Paula Tesser – Tudo Blue
Com um doutorado em sociologia sobre Chico Science, Paula Tesser defende que o poder agregador do poeta do mangue a conquistou, “não só pela mistura de estilos musicais que ele trouxe no som do mangue beat, mas pela sua vontade de alavancar uma cena que estava estagnada”, avalia a franco-cearense.
“Ele soube acordar, mas também apaziguar e encantar, integrando à sua música a emoção, o cotidiano, o imaginário, e também a lama, o caranguejo, a tecnologia, o maracatu, o funk e o hip hop! Um artista que soube magistralmente juntar em um mesmo momento elementos de ordem estética e social, captando a sensibilidade contida no popular como uma forma de recusar todo poder imposto e onde o cotidiano se mostrou ser um espaço privilegiado de resistência”, defende Paula.
Ela ainda cita o sociólogo italiano Michel Maffesoli, que foi seu orientador em Paris: “A planta humana só é compreensível em função do húmus em ela nasce” (Le Rythme de la Vie – Variations sur les Sensibilités Postmodernes, editora La Table Ronde).

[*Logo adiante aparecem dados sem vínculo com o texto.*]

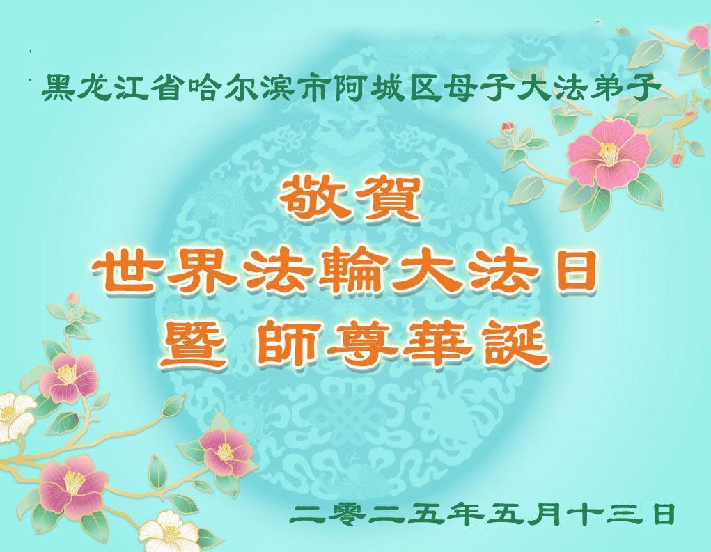 Falun Dafa praktikanti iz provincije Hejlungđang žele poštovanom Učitelju srećan rođendan i proslavljaju Svetski dan Falun Dafe!

Sendo assim, com tantos talentos e tanto húmus, não se pode esperar outra coisa da música brasileira, que viver seu melhor momento.
Como diz Mistério do Planeta, dos Novos Baianos: “Vou mostrando como sou/ E vou sendo como posso/ Jogando meu corpo no mundo/ Andando por todos os cantos/ E pela lei natural dos encontros/ Eu deixo e recebo um tanto/ E passo aos olhos nus/ Ou vestidos de lunetas/ Passado, presente/ Participo sendo o mistério do planeta”.
“Acho que a palavra que é comum entre essas pessoas é originalidade. São pessoas que fazem suas respectivas músicas, baseadas nas suas experiências, com as suas referências, geralmente são referências lá de trás e isso traz uma segurança na música que eles fazem, aquela sensação de que estão acreditando nas suas verdades. É como faço minha música, então eu me vejo entre essas pessoas”, define Tássia, do alto dos seus 24 anos.